**Exercise goal**
Write out exactly, and only, the lines below from the line with "そして、今回は嘉手納近海ならではの・・・あたたかい沖縄そばが昼食に!!" through the line with "Butter, granulated sugar, brown"; pictures do not belong in the copy.

**Data for the task**
=== Section Start ===

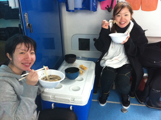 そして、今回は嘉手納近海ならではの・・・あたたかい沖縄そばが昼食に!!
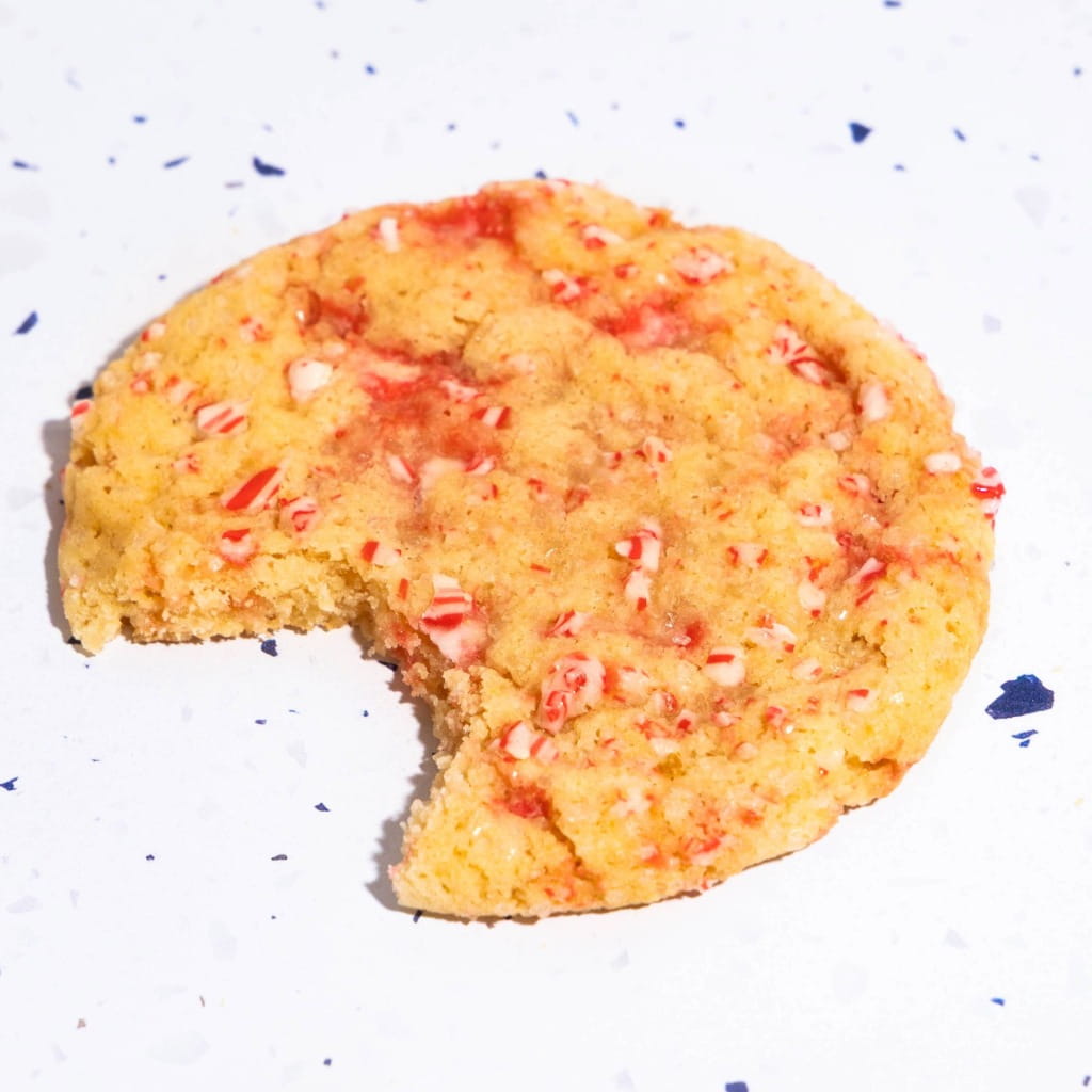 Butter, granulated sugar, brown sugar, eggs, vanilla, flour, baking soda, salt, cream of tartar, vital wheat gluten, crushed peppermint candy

=== Section End ===
=== Section Start ===

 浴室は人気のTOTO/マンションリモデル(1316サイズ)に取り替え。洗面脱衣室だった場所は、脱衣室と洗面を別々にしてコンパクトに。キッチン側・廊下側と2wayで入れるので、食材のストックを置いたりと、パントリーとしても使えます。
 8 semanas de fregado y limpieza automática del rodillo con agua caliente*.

=== Section End ===
=== Section Start ===

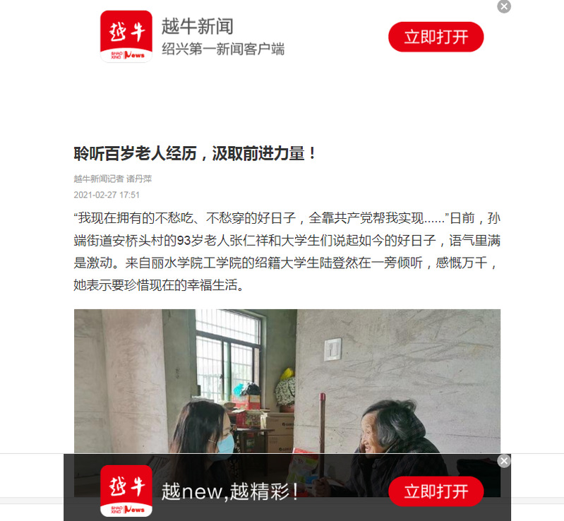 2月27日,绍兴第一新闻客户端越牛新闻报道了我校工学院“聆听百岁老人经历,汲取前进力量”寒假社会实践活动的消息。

=== Section End ===

**Answer to this problem**
 そして、今回は嘉手納近海ならではの・・・あたたかい沖縄そばが昼食に!!
 Butter, granulated sugar, brown sugar, eggs, vanilla, flour, baking soda, salt, cream of tartar, vital wheat gluten, crushed peppermint candy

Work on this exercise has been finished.